The attacks on Gaza continue this Wednesday morning and the usual scenes return: Civil Defense teams fighting to rescue Palestinians trapped under the rubble, using hand tools and their own hands to free many civilians who still remain trapped. Without means, without help. Hospitals, receiving the injured without anesthesia or painkillers. The morgues, full.
Hamas militants carry a body during the search for deceased hostages in Khan Younis, southern Gaza Strip, on October 28, 2025.
Controversy over bodies
In recent hours, Israel has also denounced that Hama has tried to create a false impression about its efforts to locate hostage bodies in the Gaza Strip, denouncing that it is holding the bodies “as hostages” and is not complying with the return agreement.
The IDF released a video captured by drone showing members of the group removing the remains of Ofir Tzarfati from a building, burying them in the Shejaiya neighborhood and staging their discovery before the International Committee of the Red Cross (ICRC).
According to a military statement, “the images clearly show that the terrorist organization Hamas is attempting to create a false impression of efforts to locate the bodies, while in fact holding hostage the deceased whose remains it refuses to release as required by the agreement.”
The video, released after Tzarfati’s family was informed, shows officers covering the body, disinterring it for the ICRC and photographing the scene.
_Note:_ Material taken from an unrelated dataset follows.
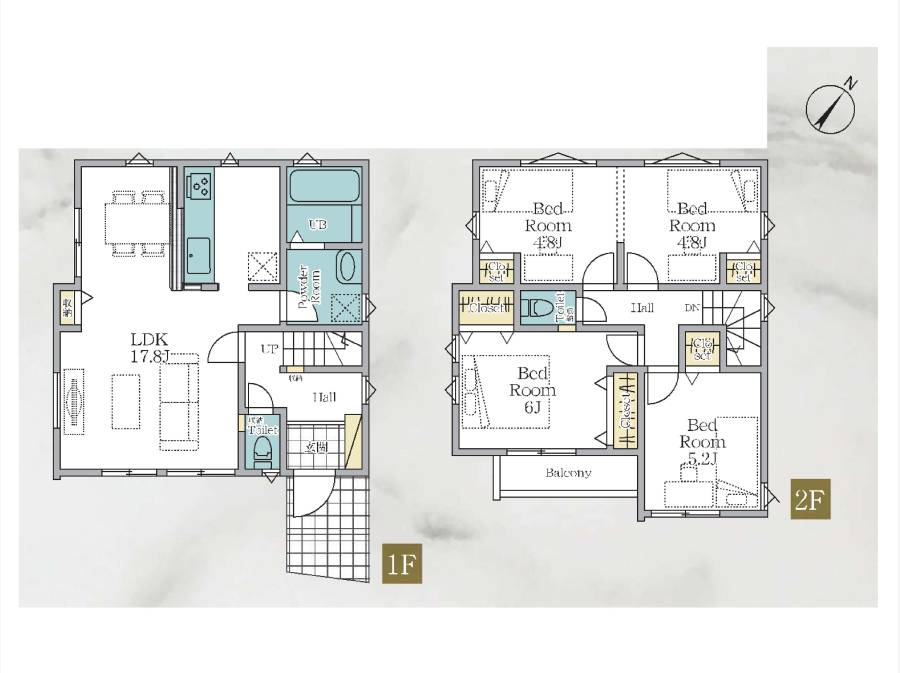 バスルームといった水回りはLDKのある1階に集約し、ワンフロアで完結できる家事動線を意識した間取り。

The IDF stressed that Hamas’s actions contradict its statements about logistical difficulties and stressed that the supposed engineering teams are not necessary for the return of bodies.
The ICRC assured that its teams in Gaza City present during the recovery of that body were not aware of this and described what happened as “unacceptable.” “It is unacceptable that a false recovery has been simulated when so much depends on whether this agreement is maintained and so many families continue to anxiously wait for news of their loved ones,” the organization said in a statement shared with EFE.
The organization assured that Hamas requested the presence of the ICRC during the exhumation, which went to the site and also notified the Israeli Army of its movements. “The ICRC team at this location was not aware that the deceased had been located there before their arrival, as the images show,” the statement continues, referring to the video that has uncovered the staging of the excavation.
In Gaza there are still 13 hostage bodies, in whose exhumations the Red Cross is usually present, which is also responsible for transporting the bodies from Hamas to the Israeli Army. Conversely, the Red Cross delivers to Gaza the bodies of Palestinians that Israel maintains in its possession and returns to the enclave in exchange for their hostages.